At the Rafidian bank, the firefight had left several wrecked cars, a smattering of bullet holes in shopfronts along the street, and one building damaged by small-arms fire.

Down a narrow side alley facing the bank three wrecked cars stood, two struck by tank rounds, the third dotted with bullet holes. There were no obvious signs anyone had been in the vehicles. Omar Mehdi (27), a teacher who lives on the street, said he had parked the car there 30 minutes before the attack to have dinner with his father.

The father forlornly held up the burnt cinders of a Koran which had been on the dashboard of the car. "No one was killed in the car, in sha'Allah." He said.

They were sentiments echoed in the building, comprising ground floor shops and apartments for several families above.

Mahar Sabir Hadi, a mother of four children living in the upper floor that had been riddled with bullet holes said, "When we heard the sound of the shooting I hid with my family in the back room. We were terrified."

She claimed no one had entered her apartment, and that two empty rooms with a commanding view of the street had been unoccupied since the war.

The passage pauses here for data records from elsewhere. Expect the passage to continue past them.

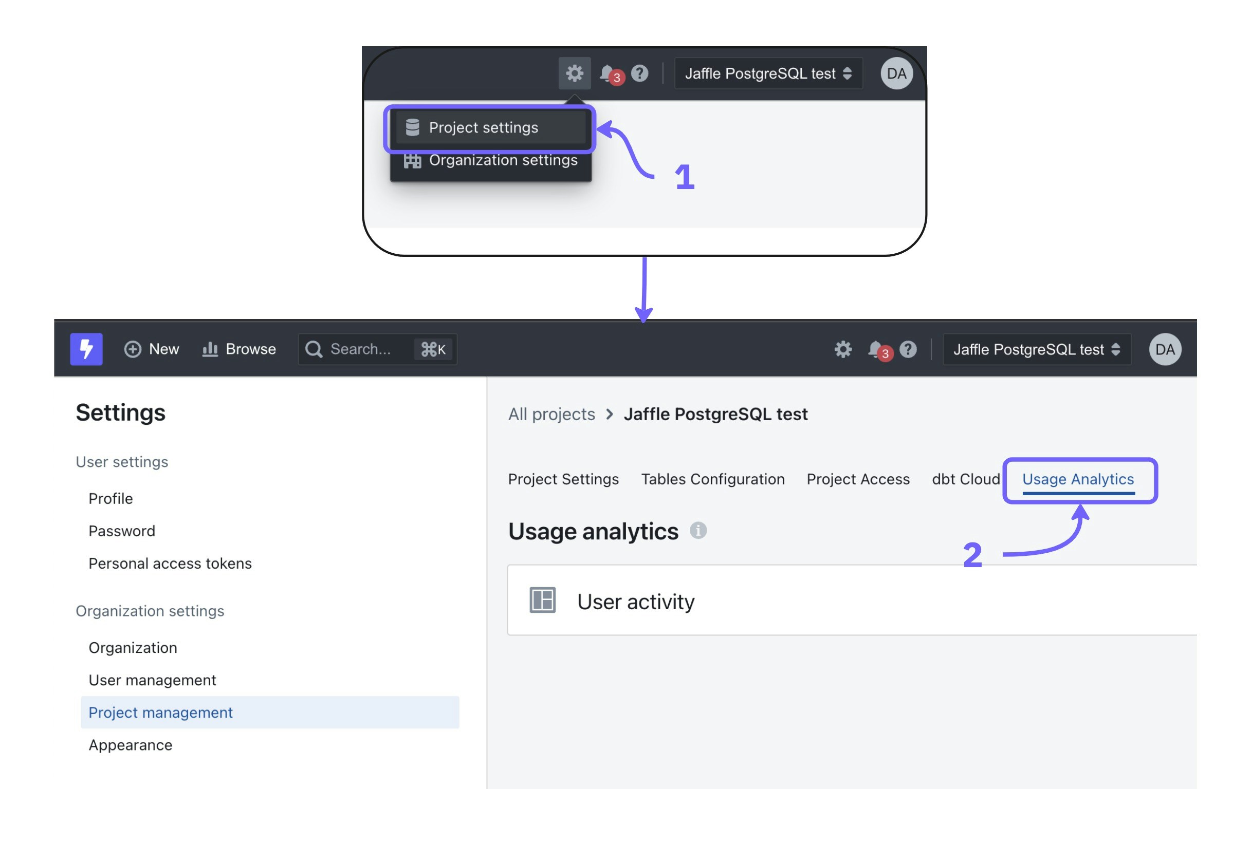 Each project has usage analytics dashboards created by Lightdash giving you an overview of your project’s content and user activity. To see your usage analytics dashboards for a project, just click on thesettings icon, project settings, then usage analytics.
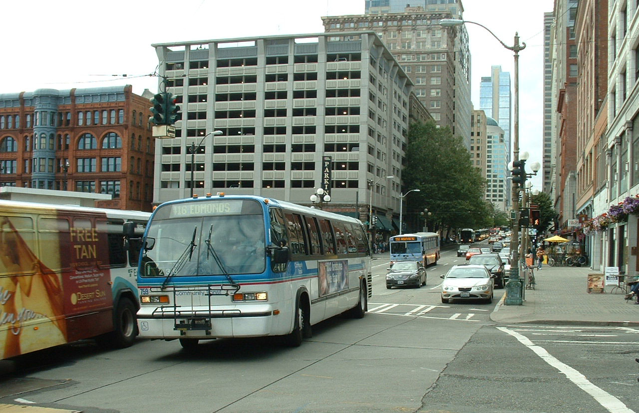 The RTS buses were still going strong three years later in August 2007. Community Transit's first TMC built RTS 759 is seen in downtown Seattle.
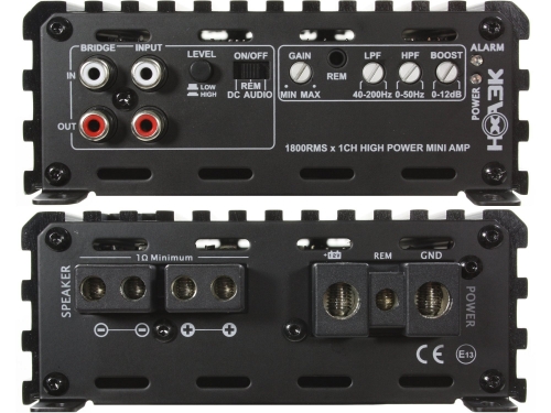 1-канальний автомобільний підсилювач потужністю 1x600/1200/1800W, стабільний до 1Ω, цифровий (D), мостовий (Bridge-Link), входи сигналу Hi/Lo, Auto Turn On/Off, малі розміри
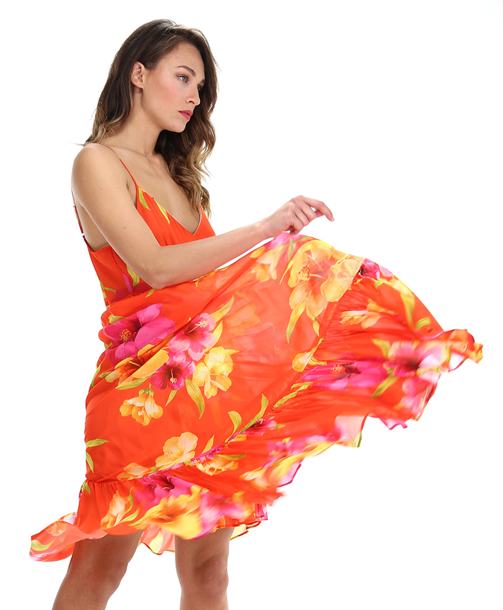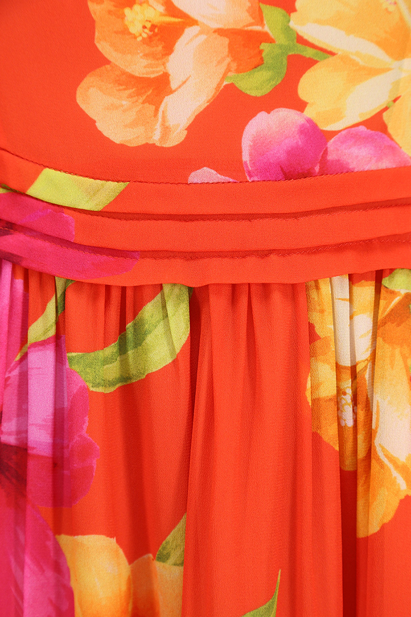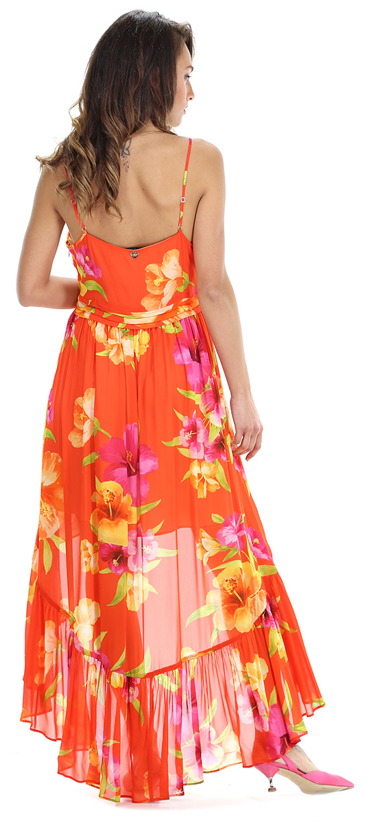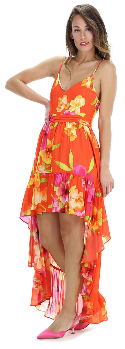 Slip dress lined in viscose with asymmetric hem. Side zip closure. Floral fantasy. The model is 1.80 tall and wears size 42.

Outside the mosque that stands at one end of the street, a tank round had landed on a Mitsubushi car, killing the Iranian pilgrim Hejazi, and two others.

"We heard the shooting and everyone began running, there was a terrible traffic jam and people were desperately trying to get out of their cars to escape," said one local shopkeeper.

At the scene of the second attack, a clothes shop two hundred metres away had been burnt out when a tank round landed nearby, although no one was injured. Two nearby buildings had also been hit by American gunners.

"I saw the flash from an RPG and then hid until the fighting had downed," said Sgt Mohammed Hassan, standing guard at a nearby police station.

The attacks had left an ugly mood in the town, where locals were unanimous in condemning indiscriminate firing by Americans. Iraqi witnesses claimed that US tanks fired a round at workers from a drug factory as they left work at 2 p.m. One woman was killed and 18 injured. A crater from the shell and a pool of blood stood nearby.

Four cars were also fired on in the parking lot of the hospital, and a nearby mosque was shelled, killing two.

Dr Faleh Hassan Asamara, who was on duty at Samarra's hospital on Sunday said, "The Americans have done a lot of shooting but I don't think that many [the number of dead claimed by the Americans] were killed." A spokesman for the 4th Infantry division said, "We don't believe fedayeen take their injured to local hospitals."